Problem to work on: Take the lines from the head of the listing through the one bearing "It is only very" and copy them exactly, leaving every picture out.

--- START ---

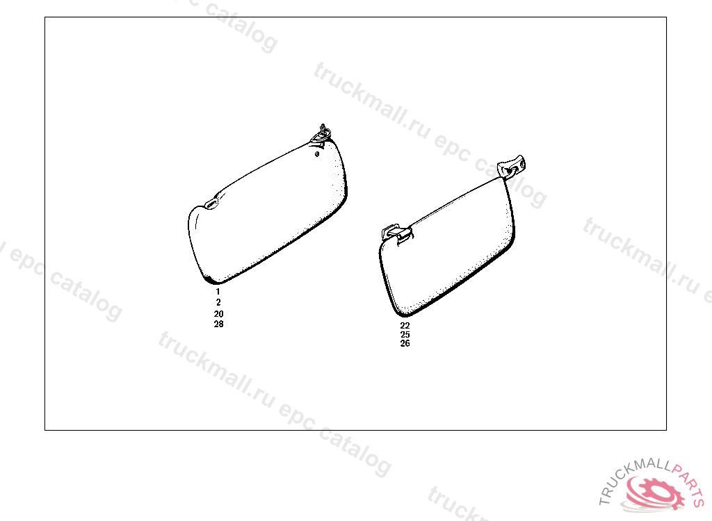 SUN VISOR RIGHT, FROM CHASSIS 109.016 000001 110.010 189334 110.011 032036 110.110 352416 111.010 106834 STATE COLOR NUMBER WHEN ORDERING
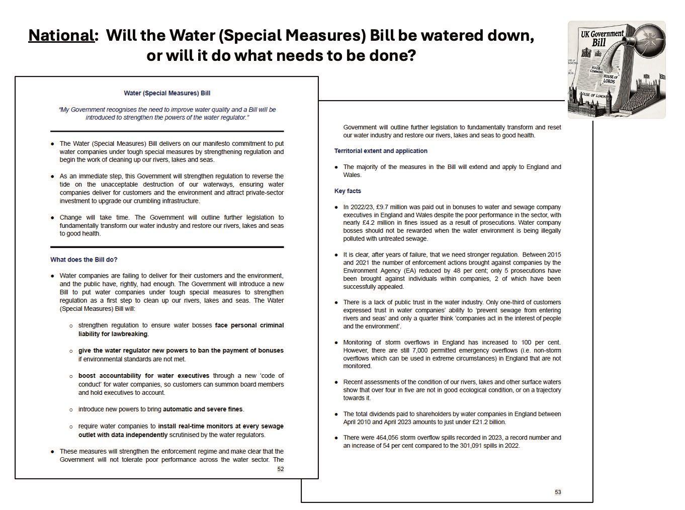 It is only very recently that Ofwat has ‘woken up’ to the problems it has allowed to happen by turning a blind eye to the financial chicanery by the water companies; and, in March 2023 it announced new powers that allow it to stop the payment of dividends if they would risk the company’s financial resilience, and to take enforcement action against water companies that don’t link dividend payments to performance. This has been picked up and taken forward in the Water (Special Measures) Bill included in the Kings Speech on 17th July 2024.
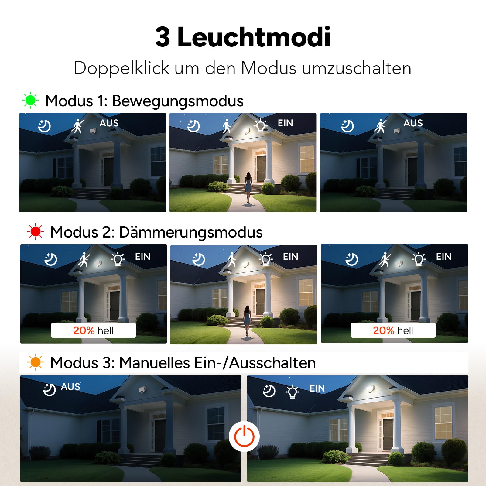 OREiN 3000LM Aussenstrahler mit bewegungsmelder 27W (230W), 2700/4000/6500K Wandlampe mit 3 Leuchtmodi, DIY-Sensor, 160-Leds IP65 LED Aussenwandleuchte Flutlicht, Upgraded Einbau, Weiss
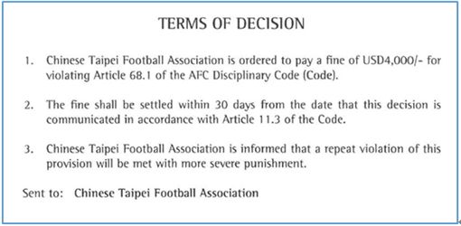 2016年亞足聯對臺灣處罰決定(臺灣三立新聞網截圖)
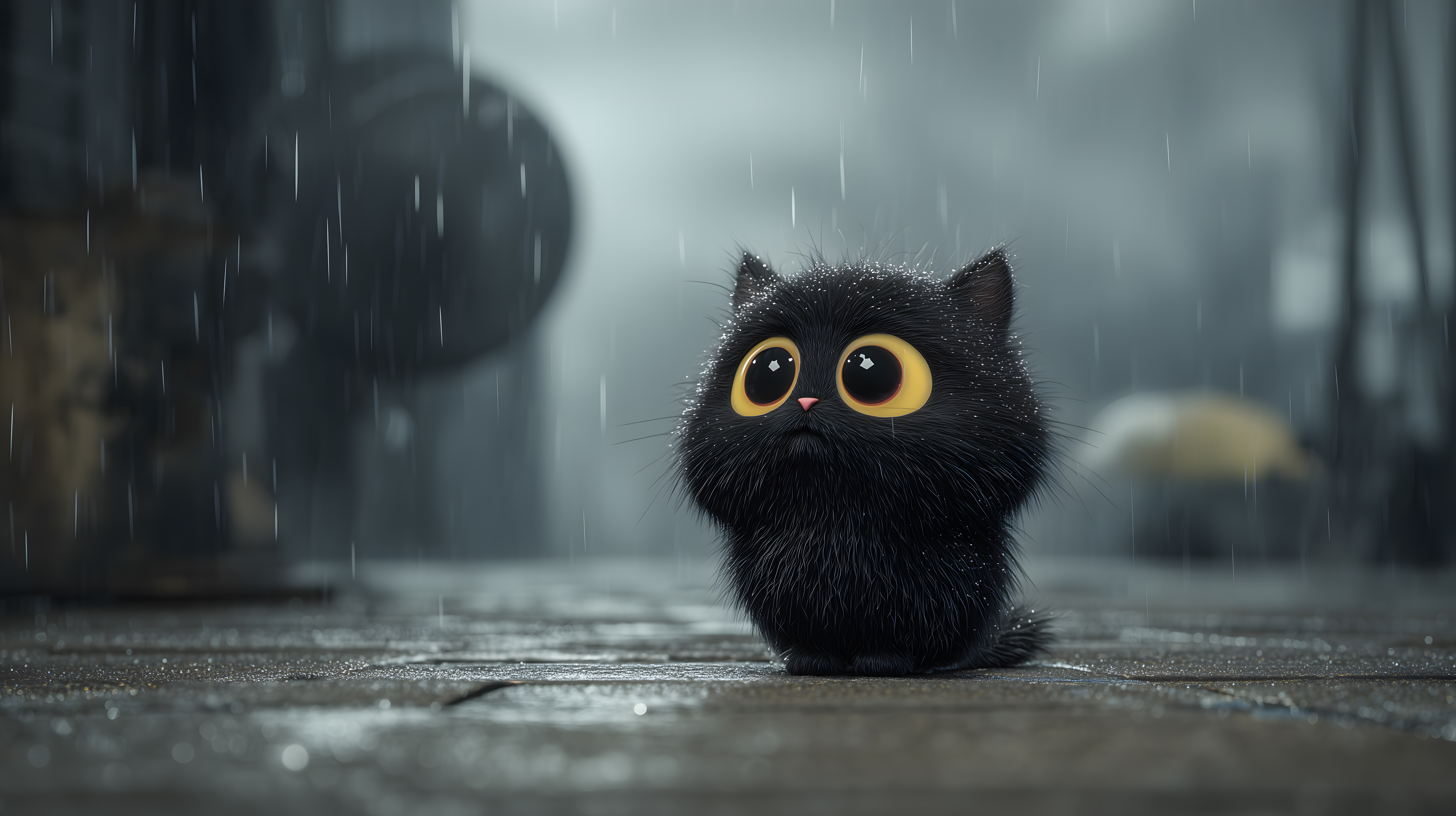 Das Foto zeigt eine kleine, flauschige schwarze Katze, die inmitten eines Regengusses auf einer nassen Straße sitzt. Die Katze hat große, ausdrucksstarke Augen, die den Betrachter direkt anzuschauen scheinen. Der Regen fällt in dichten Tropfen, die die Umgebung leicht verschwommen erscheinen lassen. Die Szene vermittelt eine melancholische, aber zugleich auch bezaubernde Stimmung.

--- END ---

Response below:
 SUN VISOR RIGHT, FROM CHASSIS 109.016 000001 110.010 189334 110.011 032036 110.110 352416 111.010 106834 STATE COLOR NUMBER WHEN ORDERING
 It is only very recently that Ofwat has ‘woken up’ to the problems it has allowed to happen by turning a blind eye to the financial chicanery by the water companies; and, in March 2023 it announced new powers that allow it to stop the payment of dividends if they would risk the company’s financial resilience, and to take enforcement action against water companies that don’t link dividend payments to performance. This has been picked up and taken forward in the Water (Special Measures) Bill included in the Kings Speech on 17th July 2024.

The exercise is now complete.